### Collection entries
⁂

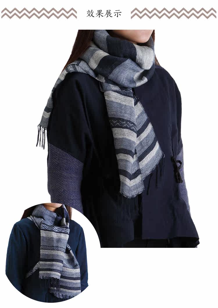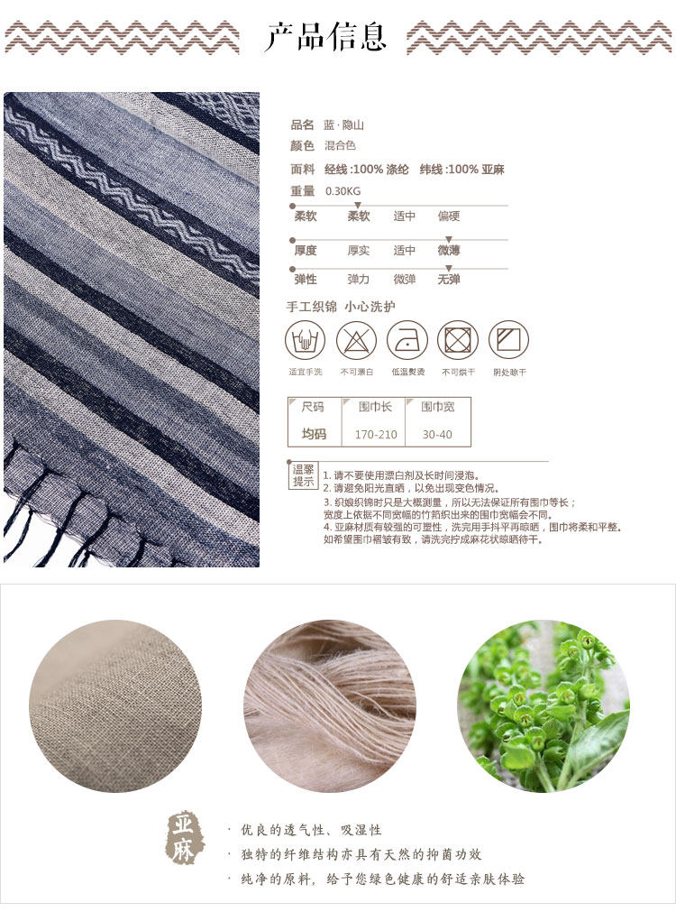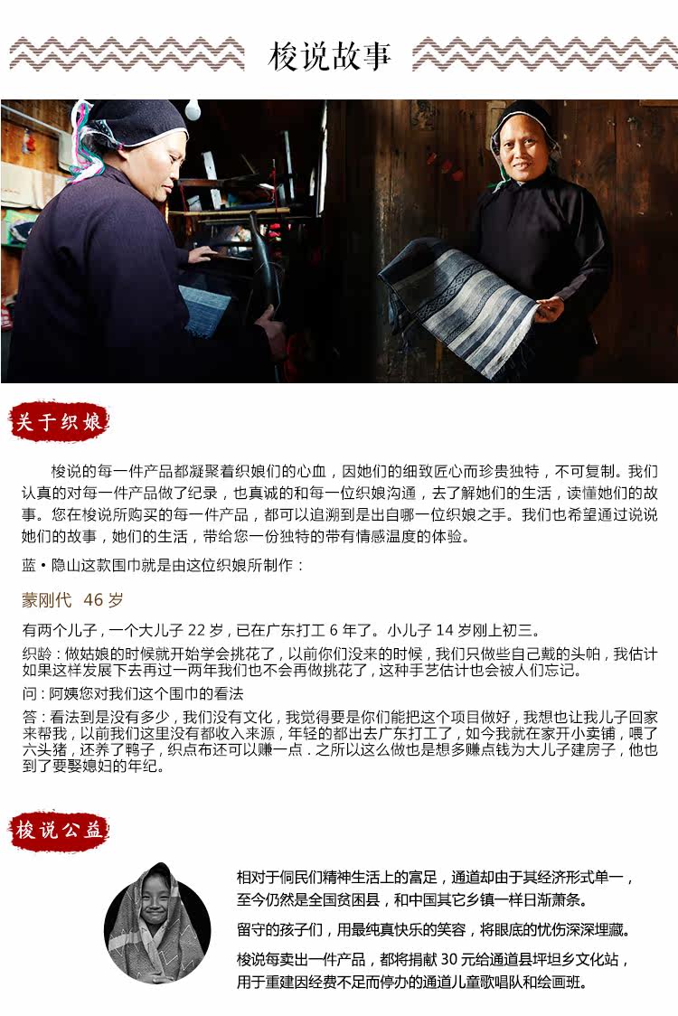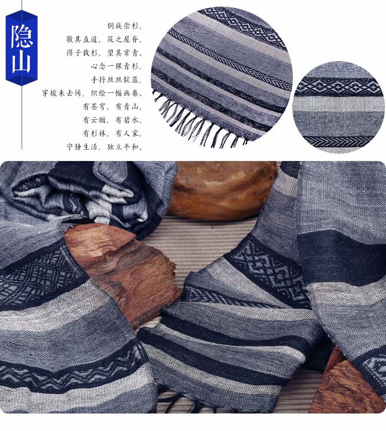 【梭说】限量蓝.隐山纯手工围巾撞色亚麻侗族传统织锦工艺春秋款
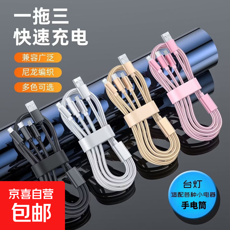 【拍2单更划算】三合一尼龙充电线灯具配件小台灯手电筒氛围夜灯 尼龙线1米一拖三 【1条】
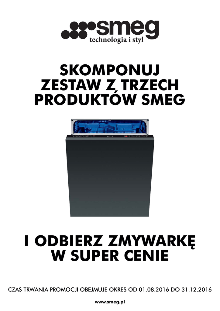 SKOMPONUJ ZESTAW Z TRZECH PRODUKTÓW SMEG I ODBIERZ ZMYWARKĘ W SUPER CENIE CZAS TRWANIA PROMOCJI OBEJMUJE OKRES OD 01.08.2016 DO 31.12.2016 www.smeg.pl PROMOCYJNE ZMYWARKI: ST733TL STA6539L3 Zmywarka do naczyń z panelem ukrytym, szerokość 60 cm, funkcja oszczędzania energii EnerSave A+++, oświetlenie wnętrza komory Eco 5 499 ZŁ 4 699 ZŁ 2 599 ZŁ 1 599 ZŁ Auto 45°-65° Eco ST523 Eco Zmywarka do naczyń z panelem ukrytym, szerokość 60 cm, funkcja oszczędzania energii EnerSave A+++ Auto 45°-65° STA4503 Zmywarka do naczyń z panelem ukrytym, szerokość 60 cm, klasa A+ Zmywarka do naczyń z panelem ukrytym, szerokość 45 cm, klasa A 3 199 ZŁ 2 999 ZŁ 599 ZŁ 599 ZŁ Auto 45°-65° Eco Główne postanowienia regulaminu sprzedaży premiowej marki SMEG 1. Organizatorem Akcji czyli sprzedaży premiowej jest Smeg Polska Sp. z o.o. z siedzibą w Warszawie przy ul. Cybernetyki 9. 2. Akcja organizowana jest na terytorium Rzeczypospolitej Polskiej. 3. Czas trwania Promocji obejmuje okres od 01.08.2016 do 31.12.2016 roku lub wyczerpania zapasów Akcji Promocyjnej. 4. Uczestnik Akcji Promocyjnej, klient ostateczny: osoba fizyczna nabywająca zestaw urządzeń do użytku własnego, nie związanego z prowadzeniem działalności gospodarczej, w punkcie handlu detalicznego lub za pośrednictwem studia mebli kuchennych. 5. Szczegółowy regulamin promocji wraz z listą modeli, których zakup uprawnia do zakupu zmywarki w cenie specjalnej dostępny jest na stronie www.smeg.pl w zakładce AKTUALNOŚCI. www.smeg.pl
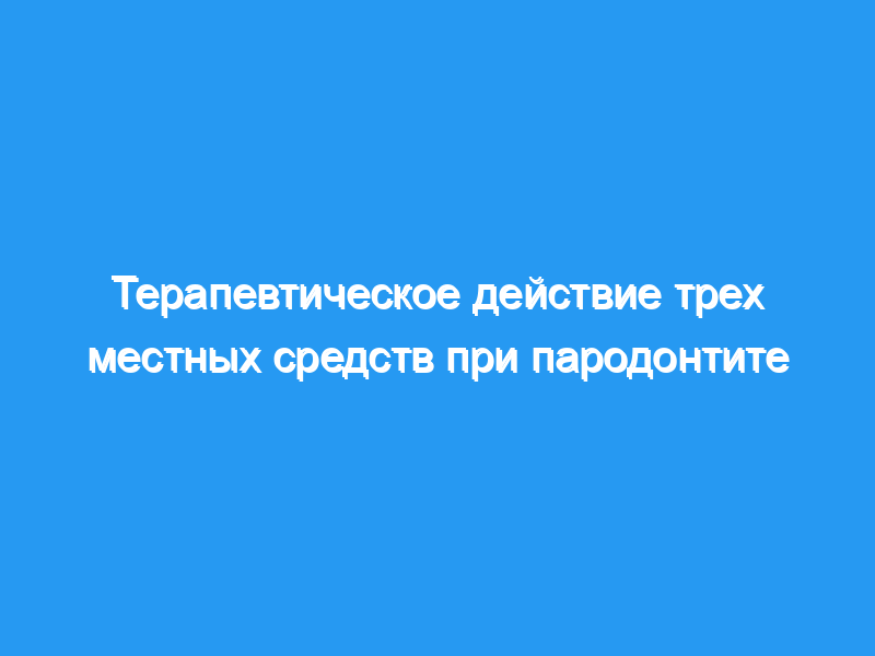 В общей сложности 123 пациента были случайным образом разделены на 3 группы для получения 3 местных лекарственных средств, вводимых в пародонтальные карманы. Была рассчитана общая частота ответов на 3 процедуры, и наблюдались изменения в GI, PL I, PD и BO P.
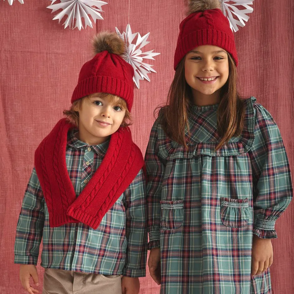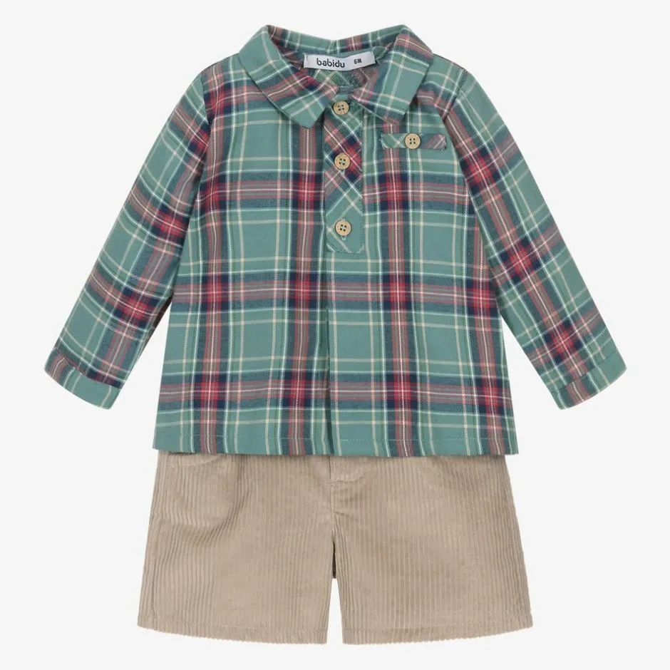 A green and beige cotton shorts set for little boys by Babidu. With faux wooden button fastenings on the front half-placket, the green and red tartan shirt is made in soft, lightweight twill. The corduroy shorts have useful side pockets and a semi-elasticated waistband for comfort. Easy to wear, they simply pull up.
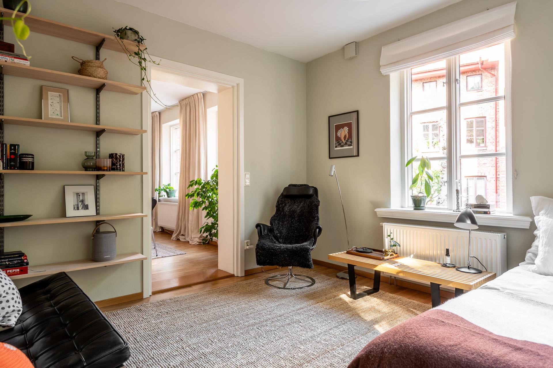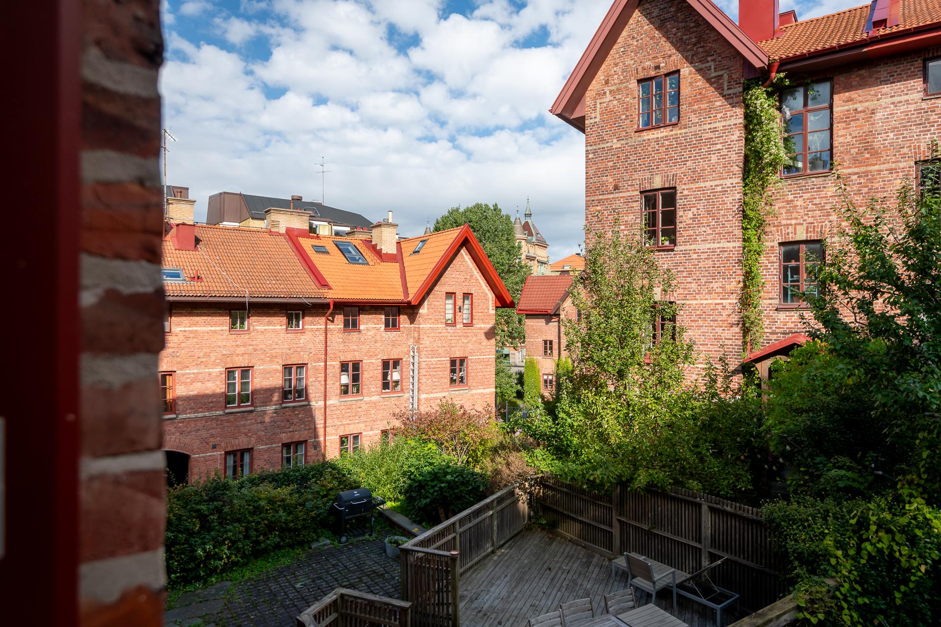 I ett av de engelskdoftande tegelhusen hittar vi denna totalrenoverade ateljébostad med mer känsla av Brick Lane än Annedal. Bostaden och hela bostadsfastigheten är stilrent och påkostat renoverad år 2008. Njut av närheten till naturen eller föreningens lummiga gård med två sällsynt vackra uteplatser. Gångavstånd till allt staden har att erbjuda. Historiska kvarter vilka gränsar till stort grönområde och Engelska parken utanför fönstret och läget i stan är perfekt med direkt närhet till Linnéstaden, Haga och Vasastaden med mycket bekvämt strosar avstånd. Endast fyra minuters promenad till Slottsskogen och direkt närhet till Handels. Välkommen till Spekebergsgatan 12, välkommen hem.
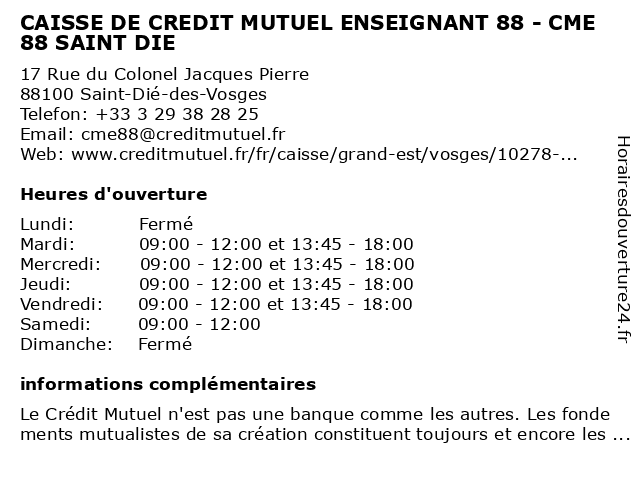 Termes de recherche pour CAISSE DE CREDIT MUTUEL ENSEIGNANT 88 - CME 88 SAINT DIE:de, saint, die, crédit, mutuel, caisse, 88, cme, enseignant |
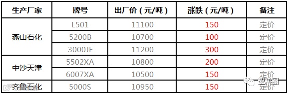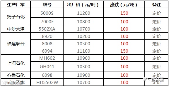 中石化华东HDPE定价上调100-150元/吨!
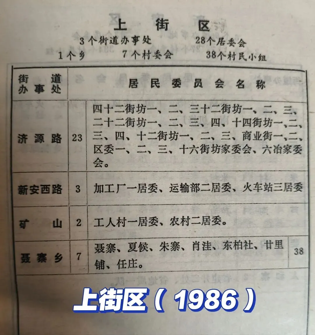 截至1986年底,上街区辖3个街道1个乡(济源路街道、新安西路街道、矿山街道、聂寨乡)。

⁂

### PROMPT
Leaving out any pictures, write the records above out exactly as they are.

### PROBLEM SOLUTION
 【梭说】限量蓝.隐山纯手工围巾撞色亚麻侗族传统织锦工艺春秋款
 【拍2单更划算】三合一尼龙充电线灯具配件小台灯手电筒氛围夜灯 尼龙线1米一拖三 【1条】
 SKOMPONUJ ZESTAW Z TRZECH PRODUKTÓW SMEG I ODBIERZ ZMYWARKĘ W SUPER CENIE CZAS TRWANIA PROMOCJI OBEJMUJE OKRES OD 01.08.2016 DO 31.12.2016 www.smeg.pl PROMOCYJNE ZMYWARKI: ST733TL STA6539L3 Zmywarka do naczyń z panelem ukrytym, szerokość 60 cm, funkcja oszczędzania energii EnerSave A+++, oświetlenie wnętrza komory Eco 5 499 ZŁ 4 699 ZŁ 2 599 ZŁ 1 599 ZŁ Auto 45°-65° Eco ST523 Eco Zmywarka do naczyń z panelem ukrytym, szerokość 60 cm, funkcja oszczędzania energii EnerSave A+++ Auto 45°-65° STA4503 Zmywarka do naczyń z panelem ukrytym, szerokość 60 cm, klasa A+ Zmywarka do naczyń z panelem ukrytym, szerokość 45 cm, klasa A 3 199 ZŁ 2 999 ZŁ 599 ZŁ 599 ZŁ Auto 45°-65° Eco Główne postanowienia regulaminu sprzedaży premiowej marki SMEG 1. Organizatorem Akcji czyli sprzedaży premiowej jest Smeg Polska Sp. z o.o. z siedzibą w Warszawie przy ul. Cybernetyki 9. 2. Akcja organizowana jest na terytorium Rzeczypospolitej Polskiej. 3. Czas trwania Promocji obejmuje okres od 01.08.2016 do 31.12.2016 roku lub wyczerpania zapasów Akcji Promocyjnej. 4. Uczestnik Akcji Promocyjnej, klient ostateczny: osoba fizyczna nabywająca zestaw urządzeń do użytku własnego, nie związanego z prowadzeniem działalności gospodarczej, w punkcie handlu detalicznego lub za pośrednictwem studia mebli kuchennych. 5. Szczegółowy regulamin promocji wraz z listą modeli, których zakup uprawnia do zakupu zmywarki w cenie specjalnej dostępny jest na stronie www.smeg.pl w zakładce AKTUALNOŚCI. www.smeg.pl
 В общей сложности 123 пациента были случайным образом разделены на 3 группы для получения 3 местных лекарственных средств, вводимых в пародонтальные карманы. Была рассчитана общая частота ответов на 3 процедуры, и наблюдались изменения в GI, PL I, PD и BO P.
 A green and beige cotton shorts set for little boys by Babidu. With faux wooden button fastenings on the front half-placket, the green and red tartan shirt is made in soft, lightweight twill. The corduroy shorts have useful side pockets and a semi-elasticated waistband for comfort. Easy to wear, they simply pull up.
 I ett av de engelskdoftande tegelhusen hittar vi denna totalrenoverade ateljébostad med mer känsla av Brick Lane än Annedal. Bostaden och hela bostadsfastigheten är stilrent och påkostat renoverad år 2008. Njut av närheten till naturen eller föreningens lummiga gård med två sällsynt vackra uteplatser. Gångavstånd till allt staden har att erbjuda. Historiska kvarter vilka gränsar till stort grönområde och Engelska parken utanför fönstret och läget i stan är perfekt med direkt närhet till Linnéstaden, Haga och Vasastaden med mycket bekvämt strosar avstånd. Endast fyra minuters promenad till Slottsskogen och direkt närhet till Handels. Välkommen till Spekebergsgatan 12, välkommen hem.
 Termes de recherche pour CAISSE DE CREDIT MUTUEL ENSEIGNANT 88 - CME 88 SAINT DIE:de, saint, die, crédit, mutuel, caisse, 88, cme, enseignant |
 中石化华东HDPE定价上调100-150元/吨!
 截至1986年底,上街区辖3个街道1个乡(济源路街道、新安西路街道、矿山街道、聂寨乡)。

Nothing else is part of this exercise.